Experience level: Moderate?

Extra steps: You will definitely need an alignment when this is done.

One thing to note is that as of right now I do not have a rear sway bar so if you have one there will be a few extra steps to remove that as well which is pretty straightforward. Once I get my sway bar I will try and update this post.

How to:

Step 1:
Lift the car in the air as high as you can and remove the rear wheels. I used a lift which makes the job so much easier since you don't have to try and work with the car 2' off the ground.

Step 2:
Identify the bolts you will be removing (identified in red)

Step 3:
Secure the control arm with a jack-stand. I used tall stands since I was on a lift but you could also do this with a regular stand on the ground or use a spring compressor tool to compress the spring so when you take the bolts off the arm doesn't come crashing out and hurt you.

Step 4:
I would suggest removing the lower shock bolt so that the spindle and brake assembly move more freely to allow you to get the arm out more easily. (shock bolts should be 15mm)

Step 5:
Take out the outer bolt (should be a 15mm) (using and impact gun is easiest and quickest) This is where the fun begins.... If your car has a lot of rust you may need to use heat/penetrating oil or cut the bolts to get the arms out. The bolts like to seize to the inside sleeve of the bushing so that they won't want to come out. If this is the case just get out your cut-off wheel and cut both sides of the bolt and the arm will come free (might need a little persuasion). Just make sure you have the jack-stand underneath so that the spring doesn't propel the arm down and hurt you when the bolt is cut loose.

Step 6:
Once the outer bolt is out move to the other side and repeat steps 3-5. Once that is done both arms should look like the one on the right in the picture.

Step 7:
Now remove the eccentric bolts from the inner arm. The nut should be 18mm and the bolt head is either 19mm or 21mm I can't remember for sure. The nut is on the rear side of the subframe. After removing the nut and the eccentric washer you should be able to pound out the bolt. If not go ahead and cut these too, that's why you buy the replacements. I did have to cut 1 out because the bolt was seized to the inner metal sleeve of the bushing. You will see in the picture I nicked the subframe a little when cutting.
The rear end should look like this now...

Step 8:
Your arms should look like this when they are out.

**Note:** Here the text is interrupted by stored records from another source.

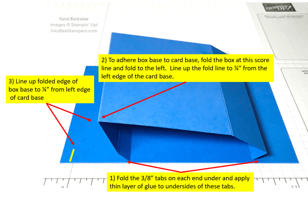 Before adhering the box base to the card base, I first adhered Snowflake Specialty Vellum panels to the three sections on the box base. I folded the tabs on each end of the box base under and applied a thin line of glue to each tab. The box base is then folded at the 1-3/8″ score line and I lined up this folded edge 1/4″ from the left side of the card base, then flattened the box base and adhered it to the card base.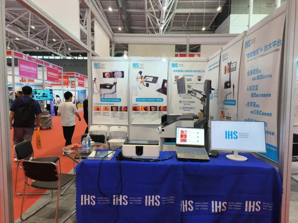 本次展会,IHS智触展出了两款具有里程碑意义的产品,分别是“依多训内镜手术教培机器人(导航版)”和“依多训消化内镜手术教培机器人(便携版)”,展示了IHS智触将智能触觉技术应用在模拟医学领域的产品,并实现商业化销售。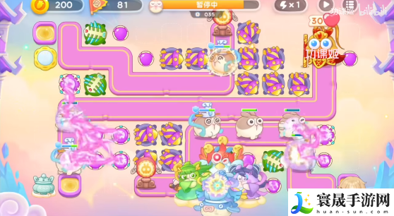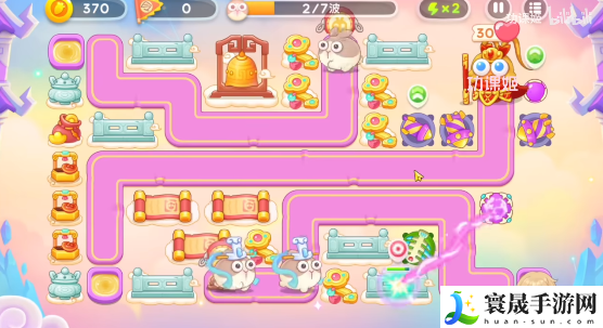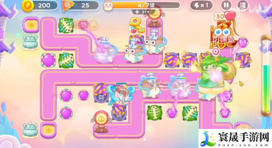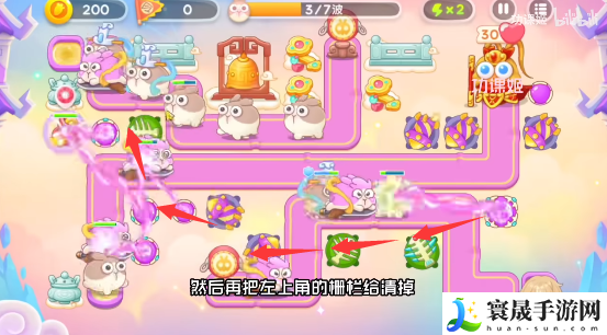 4、第一个神仙是拿葫芦的,玩家可以锁头打,顺着路线放炮塔,在右上角萝卜边上多放烟花炮,有飞飞兔,打完之后是合体神仙,这个有点难,不怎么能锁头,还有粉兔别漏掉了。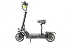 На самокате установлены два широких 11 дюймовых мотор колеса общей мощностью 3200W. Модель выглядит агрессивно, мощно, брутально.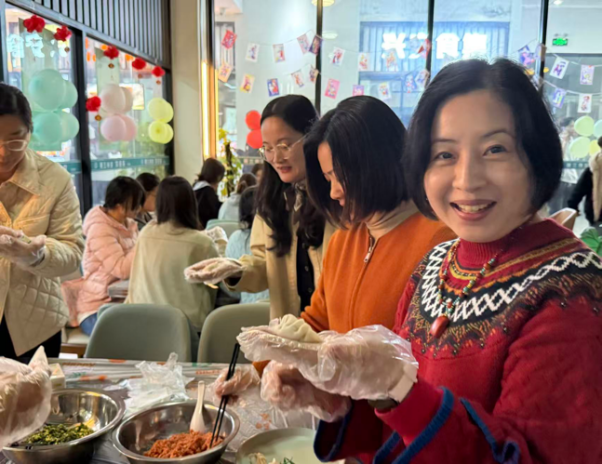 包饺子环节堪称“暖心重头戏”。40名少数民族学生分成8个小组,新鲜食材整齐陈列。有经验的同学化身“小导师”,手把手传授包馅、捏褶技巧;教师主动融入,创意包出花朵、小动物等特色饺子,现场欢声笑语不断,尽显“民族大家庭”的温暖。
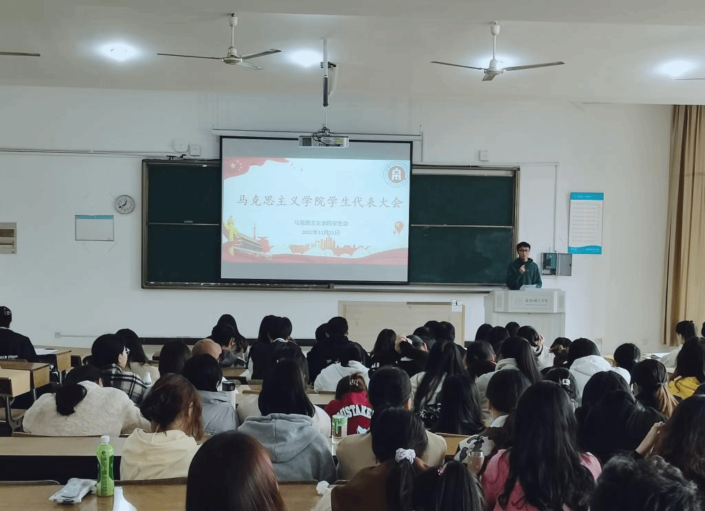 本网讯11月21日中午beat365官方网站第二次团代表大会和第二次学生代表大会于锦绣校区博约楼108召开,由2021级思想政治教育班赵璟丽主持。辅导员王萌、各年级学生代表、部分学生会成员出席此次会议。

You want to make sure you keep track of which bushings you are taking out and match them up with the new ones. The bushings are not the same on either end of the arm. The bushings closes to the spring seat are shorter and have a bigger circumference. The bushings on the long end of the arm are longer and have a lesser circumference. You can sort of tell from the picture.

You have to press out the old bushings. This was the hardest part since I had to use sockets and other things to use as press cones since I didn't have the right size. Sorry I didn't get any pictures of the pressing process. I was so frustrated and needed extra hands as it was. Just be careful not to bend up the arms too much when pressing. I had to use a spacer to keep the 2 halves of the arm from crushing while I was pressing the old bushings out. If they get bent use a vice and a pry-bar or some pliers to get them straightened back out as much as possible. Otherwise when you go to put the new bushings in they won't line up properly and you will have a very hard time pressing the new bushings in.

Step 9 (optional):
My arms were starting to get a bit of rust on them so I decided to sand, prime, and paint them to hopefully give them some more life. You can also paint after pressing the new bushings in but then you have to tape off the bushings so they don't get primer or paint in them. If you paint before pressing you just have to be careful not to scratch them up, then you'll have to touch up after the pressing is done. The krylon paint I used supposedly dries in 15 minutes but I let mine dry for about an hour just to be safe. I only ended up with a couple small scratches in the paint which I touched up after the arms were installed. Make sure to remove your bump stops before painting. They just pop off with a little bit of pulling and twisting.

Step 10:
Prep the new bushings. You have to take the prothane bushings apart to grease them before installation.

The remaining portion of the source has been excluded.